Дядя, выслушав все это, берет меня за руку, и мы идем в школу. Дядя входит в здание, оставляя меня на крыльце, и долго не возвращается. Когда он, наконец, показывается с расстроенным лицом, я бросаюсь к нему: — «Нэ приймае», — произносит он грустно. Я падаю на крыльцо и ору как будто меня режут. Рев снова перерастает в истерику. Дяде с трудом удается довести меня домой. На следующий день история повторяется. И еще на следующий повторяется. Но на четвертый, дядя категорически отказывается идти в школу, и я иду один. Иду, усаживаюсь против открытого окна своего (первого) класса и слушаю все, что происходит там. Запоминаю, что задано на дом и дома учу заданное. Не помню, сколько продолжалось это вольнослушательство — недели две, может быть, а возможно и месяц. И неизвестно сколько бы это еще длилось.

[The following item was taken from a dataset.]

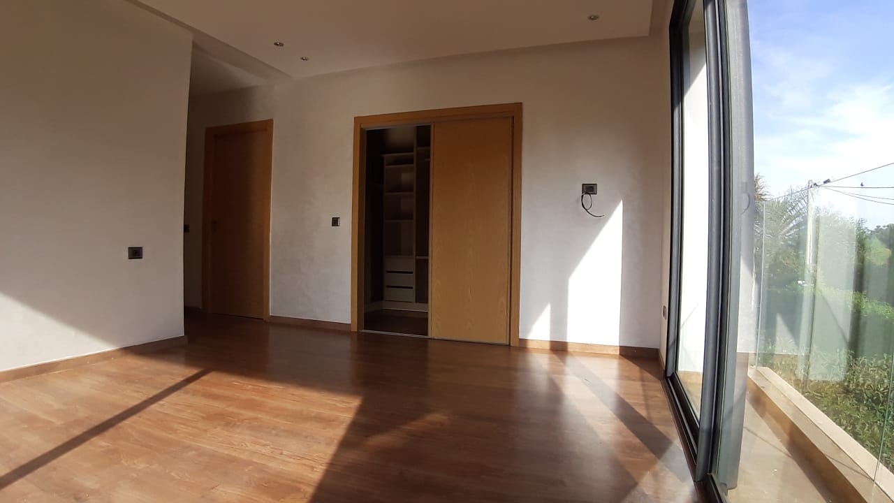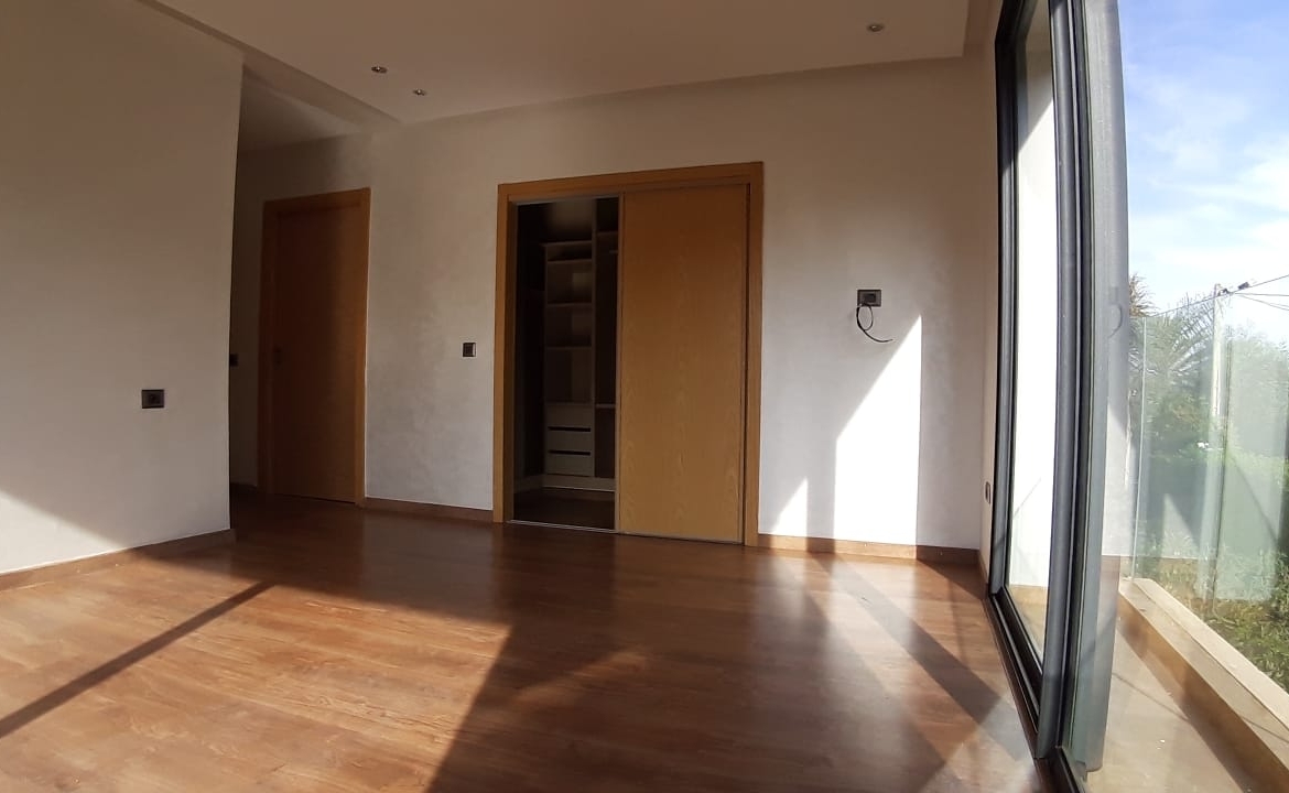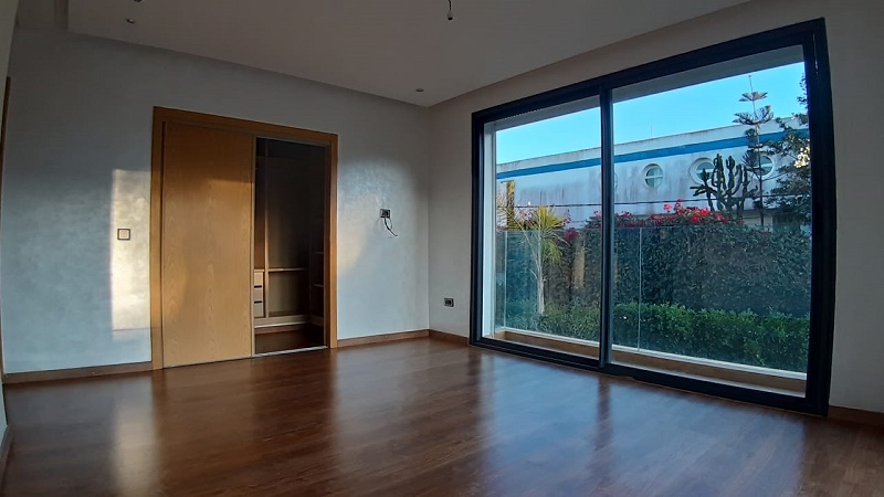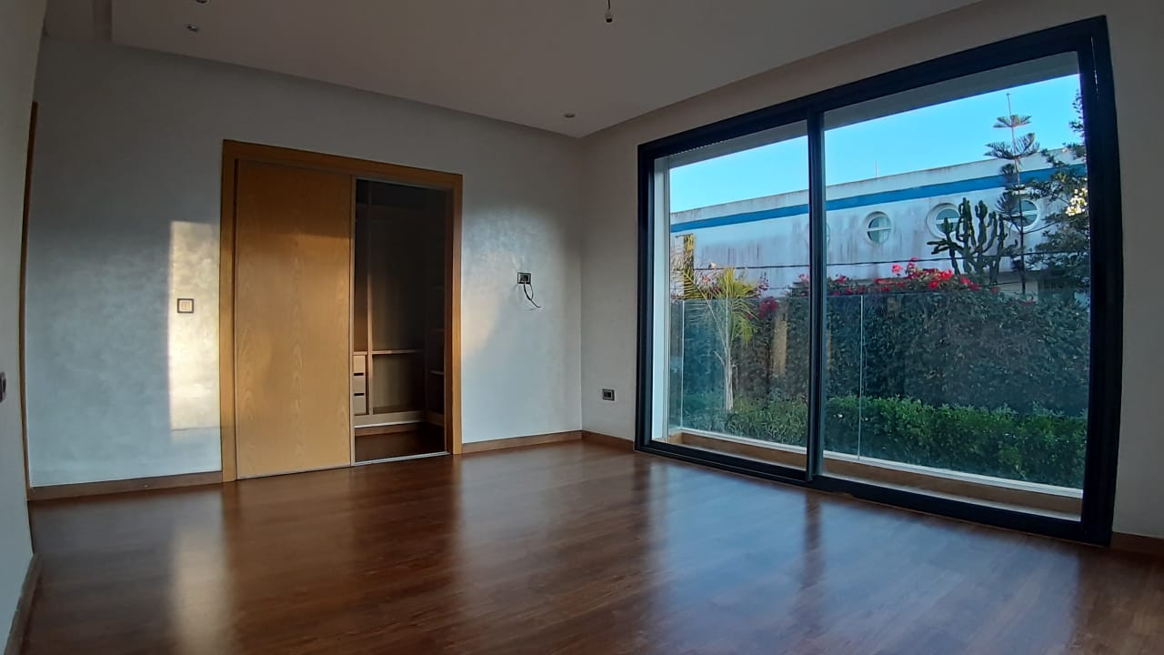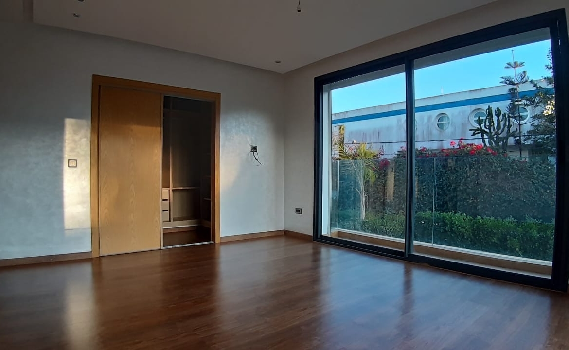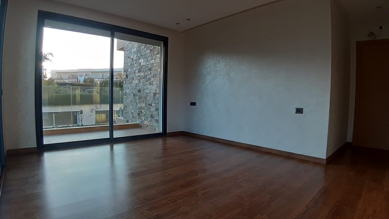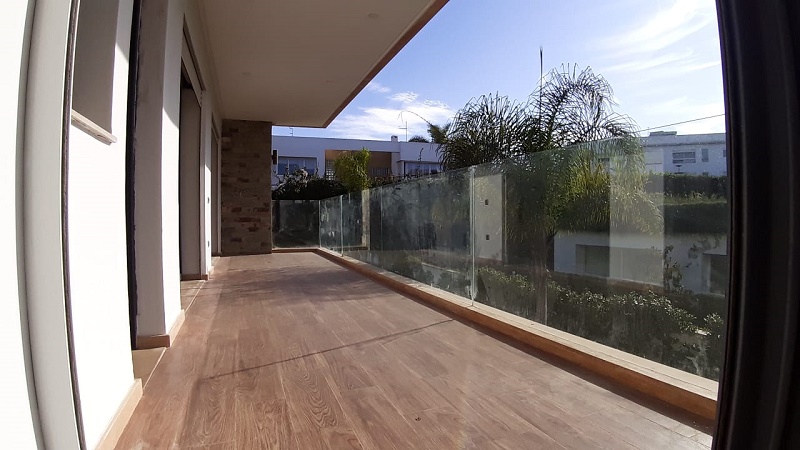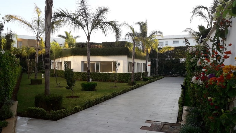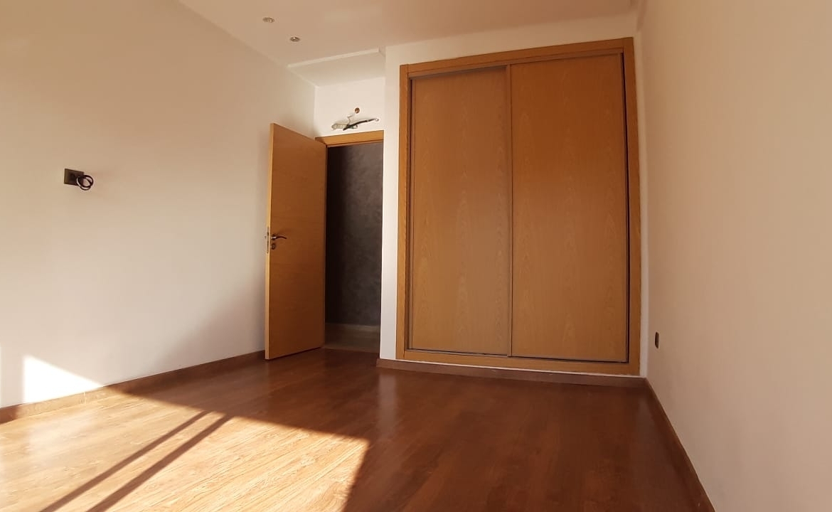 Dar Bouazza-Location-Appartement-Avec-Terrasse-Piscine, d’une superficie de 160m² dont 25m² de terrasse se trouvant au premier étage, dans une résidence sécurisée 24h/24 avec espace vert et piscines, l’appartement comprend un double salon avec cheminée donnant sur une terrasse, espace salle à manger, un grand couloir, cuisine équipée, suite parentale dont dressing et salle de bain avec douche à l’italienne, deux chambres avec placards, salle de bain avec cabine douche, place au parking,

Но произошла счастливая для меня неожиданность. Приехал на несколько дней отец. Он уже был в военном. В Мелитополе мы видели его еще не обмундированным. Теперь он приехал чисто выбритым, в ладно сидящей на нем гимнастерке, какой-то строгий и почужевший. Несмотря на это, я, хотя и несмело, напомнил ему, что он обещал записать меня в школу, а учитель не захотел принять. «Ничего! — сказал он. — Мы это дело уладим». На следующий день, он взял меня за руку, и мы пошли. Он также, как и дядя, оставил меня на крыльце, а сам ушел в школу. Я сидел ни живой, ни мертвый и приготовился так сидеть хоть до вечера. Но буквально через две-три минуты дверь открылась и вышли учитель и отец. Учитель, Афанасий Иванович Недовес, уставив на меня строгий взгляд, сказал: «Ну, ладно, ученик первого класса Григоренко Петр, беги в свой класс». Так я стал учеником. Как отцу удалось в столь короткий срок поладить дело, которое дяде Александру оказалось не по плечу, я так никогда и не узнал. И теперь уже не узнаю, т. к. оба участника переговоров давно отошли в лучший мир.
Итак, я узнал и уже теперь на всю жизнь запомнил свою фамилию. Я не скажу, что до того вовсе не знал о ней. Когда Иван поступил в школу, на его тетрадях появилась надпись: «Григоренко Иван». Но я этому не придал значения, прошел мимо этого события. Я твердо знал, что мы Черногорцы, а Григоренко в селе только один.
Как я уже рассказывал, против наших дворов на противоположной стороне площади было три двора. Далее — переулок, а на другой стороне огромная, по моим тогдашним понятиям, усадьба Зосимы Григоренко. Больше ни о каких Григоренко у нас в селе я не слышал. И вдруг оказалось, что я сам Григоренко. Больше того, в нашем первом классе эта фамилия оказалась чуть ли не самой многочисленной. Григоренко Александр — внук Зосимы, Григоренко Степан — внук старого Аказема и я — бывший Черногорец.
Эта метаморфоза очень меня заинтересовала. И я долго выпытывал у дяди Александра, как же это произошло.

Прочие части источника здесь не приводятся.